Information »
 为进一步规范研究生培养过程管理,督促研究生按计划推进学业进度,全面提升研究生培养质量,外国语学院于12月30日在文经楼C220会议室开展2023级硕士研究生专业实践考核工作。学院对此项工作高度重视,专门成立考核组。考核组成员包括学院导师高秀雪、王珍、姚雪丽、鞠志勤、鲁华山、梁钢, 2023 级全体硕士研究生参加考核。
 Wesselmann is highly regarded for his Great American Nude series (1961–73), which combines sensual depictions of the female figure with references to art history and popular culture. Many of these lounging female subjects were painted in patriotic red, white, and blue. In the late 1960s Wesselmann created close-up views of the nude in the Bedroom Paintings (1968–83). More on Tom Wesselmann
---
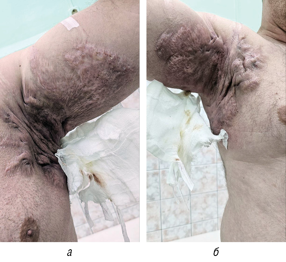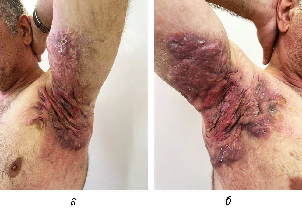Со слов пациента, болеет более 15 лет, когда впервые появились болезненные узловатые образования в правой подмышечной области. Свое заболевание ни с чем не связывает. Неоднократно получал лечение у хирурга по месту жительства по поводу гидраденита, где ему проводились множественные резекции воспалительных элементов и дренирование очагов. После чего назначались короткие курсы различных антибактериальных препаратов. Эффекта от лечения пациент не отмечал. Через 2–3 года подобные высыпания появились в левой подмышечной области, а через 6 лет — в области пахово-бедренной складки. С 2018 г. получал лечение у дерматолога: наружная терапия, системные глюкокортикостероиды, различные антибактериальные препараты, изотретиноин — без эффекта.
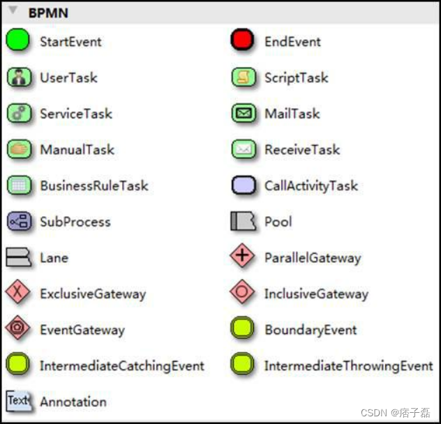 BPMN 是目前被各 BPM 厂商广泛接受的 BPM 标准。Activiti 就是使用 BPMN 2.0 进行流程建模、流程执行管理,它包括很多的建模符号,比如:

Aim of the task » Word for word, write out the lines above running from the one with "Со слов пациента, болеет" up to and including the one with "BPMN 是目前被各 BPM". Drop any picture.

Answer to this exercise »
Со слов пациента, болеет более 15 лет, когда впервые появились болезненные узловатые образования в правой подмышечной области. Свое заболевание ни с чем не связывает. Неоднократно получал лечение у хирурга по месту жительства по поводу гидраденита, где ему проводились множественные резекции воспалительных элементов и дренирование очагов. После чего назначались короткие курсы различных антибактериальных препаратов. Эффекта от лечения пациент не отмечал. Через 2–3 года подобные высыпания появились в левой подмышечной области, а через 6 лет — в области пахово-бедренной складки. С 2018 г. получал лечение у дерматолога: наружная терапия, системные глюкокортикостероиды, различные антибактериальные препараты, изотретиноин — без эффекта.
 BPMN 是目前被各 BPM 厂商广泛接受的 BPM 标准。Activiti 就是使用 BPMN 2.0 进行流程建模、流程执行管理,它包括很多的建模符号,比如:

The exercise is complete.